Orr pushed back against assertions the revised OCR track implied an 80% chance the RBNZ could hike again. “We're saying the OCR peaks around 5.7% or thereabouts and it's likely to remain in a restrictive level for some time yet,” he told reporters.
“Commercial Bank economists will provide information, actual market pricing provides information, but we are the ones who are responsible for delivering low and stable inflation,” Orr said, pointing to the disconnect between market expectations and the RBNZ’s forecasts. “The good news is we get to do it every six weeks and continue to learn as we move, just as many of the commentators have.”

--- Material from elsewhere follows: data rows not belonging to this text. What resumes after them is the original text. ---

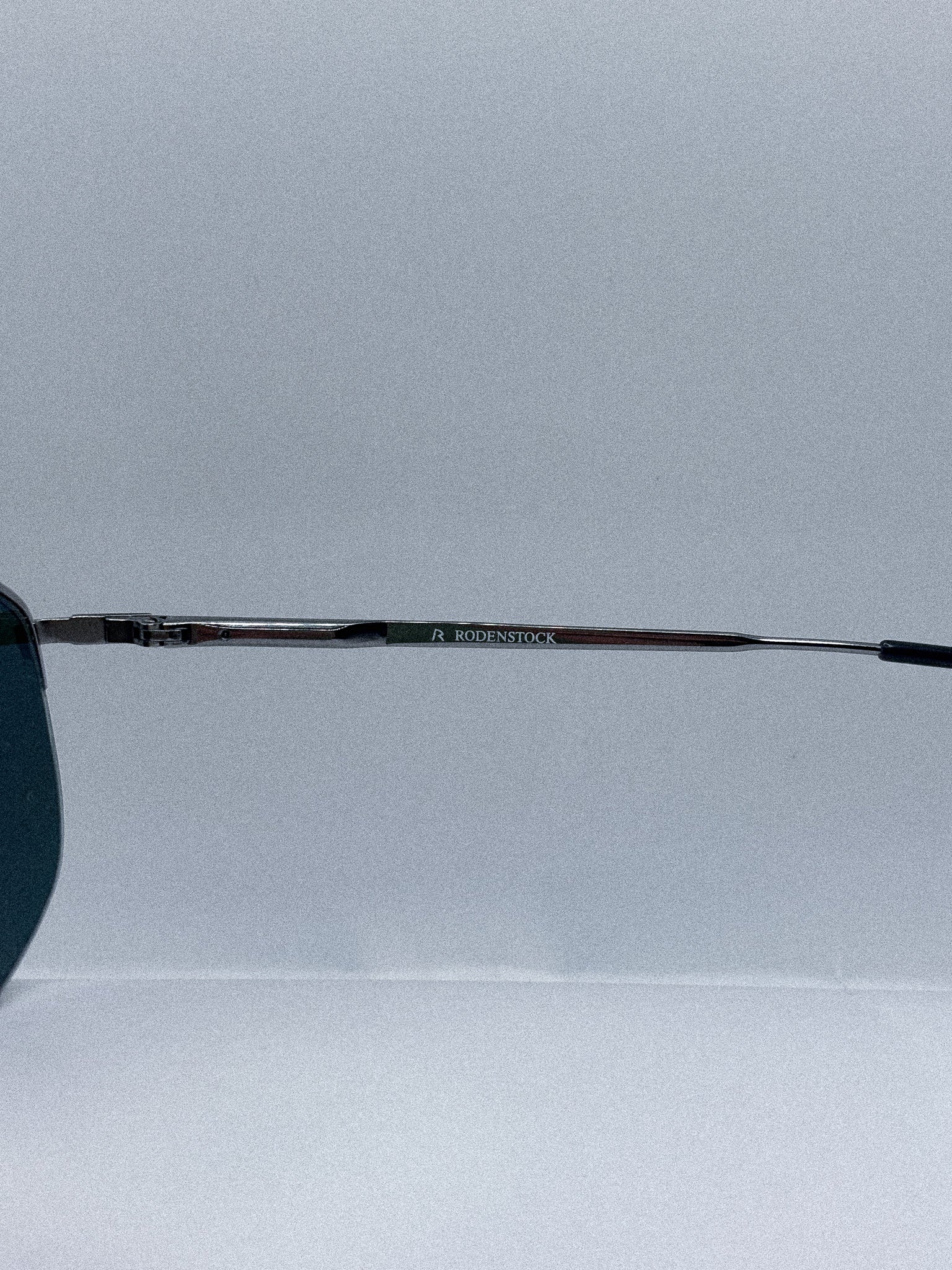 A refined aviator interpretation from 1980s Rodenstock, this frame pairs a precise metal structure with a straight brow bar and deep green lenses that lend a composed, almost introspective tone.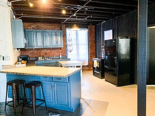 HUGE AUTHENTIC FACTORY LOFT in circa 1907 Marathon Motor Co. building. Soaring Ceilings! Lots of windows & light Original EXPOSED BRICK WALLS, iron and heart pine beams Large bedroom upstairs. 2nd bedroom up spiral staircase. Enclosed large laundry/utility room. Complete kitchen w/dishwasher. Large outdoor porch. Incredible space for photographers, artists, creative spirits 8 Apartments in building. Cool neighbors. Family owned building. Owners pay trash and sewer. Renters pay utilities. Gas & electric thermostat controlled by renters.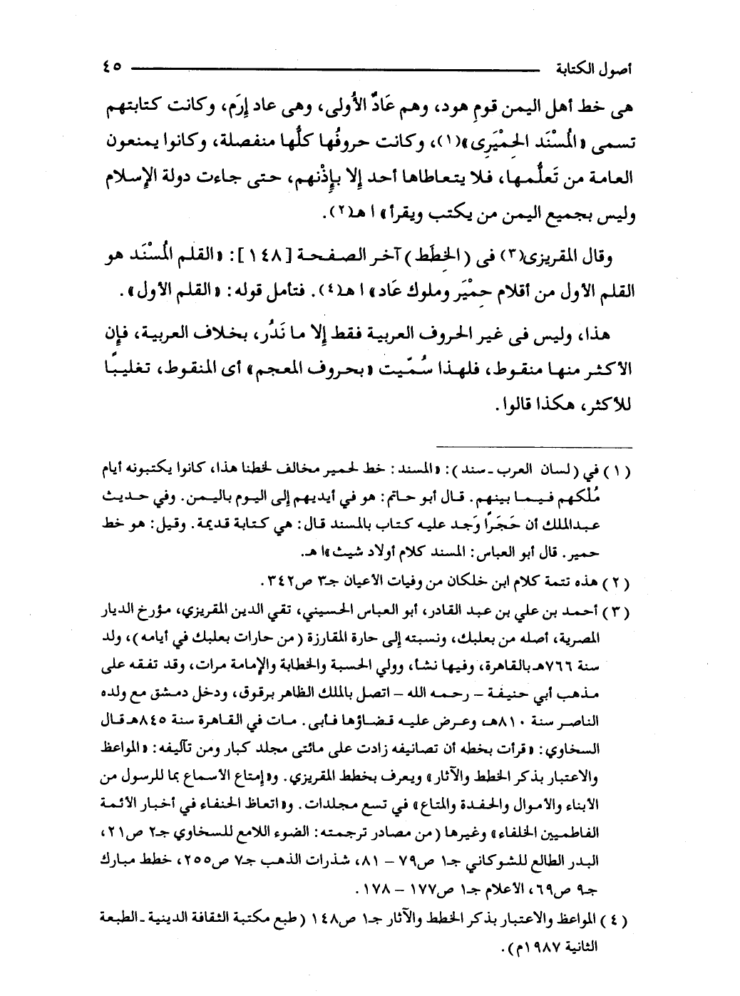 وقال المقريزى (3) في (الخِطَط) آخر الصفحة [148]: "القلم المُسْنَد هو القلم الأول من أقلام حِمْيَر وملوك عَاد" اهـ (4). فتأمل قوله: "القلم الأول".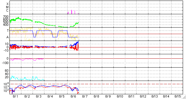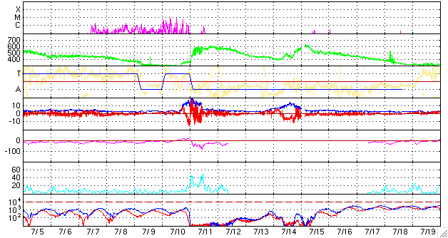 ACEが観測した太陽風の磁場(1番上の枠、白線は全体の強度、赤線は南北成分) および、太陽風の密度(3番目の橙線)、速度(4番目の黄線) (c) NOAA/SEC ![]() シベリアで観測された3日間の磁場データ 右側の3分の1が、昨日のデータになります。グラフが上がったり下がったりすると、オーロラ活動が活発化しています。 (c) NICT ![]() 27日の太陽周期に合わせたデータプロット 太陽が同じ面を地球に向けていた27日前の変化から、今後を予想することができます。 (c) NICT

The RBNZ last hiked the OCR 25bp in May 2023.
RENEWED FORECASTS
The RBNZ also upped its end-of-year CPI prediction 40bp to 2.9% within the MPS. However, its longer-term inflation predictions were only slightly changed from its February forecasts, with CPI reaching 2% by June 2026, compared to December 2025, and the first cuts expected in September 2025, versus June the same year.
Orr noted the slight changes to the CPI forecasts were driven by the adjusted OCR path and other variables in the model to ensure the RBNZ achieved its remit.
CPI’s higher starting point also drove the later cut predictions, he added.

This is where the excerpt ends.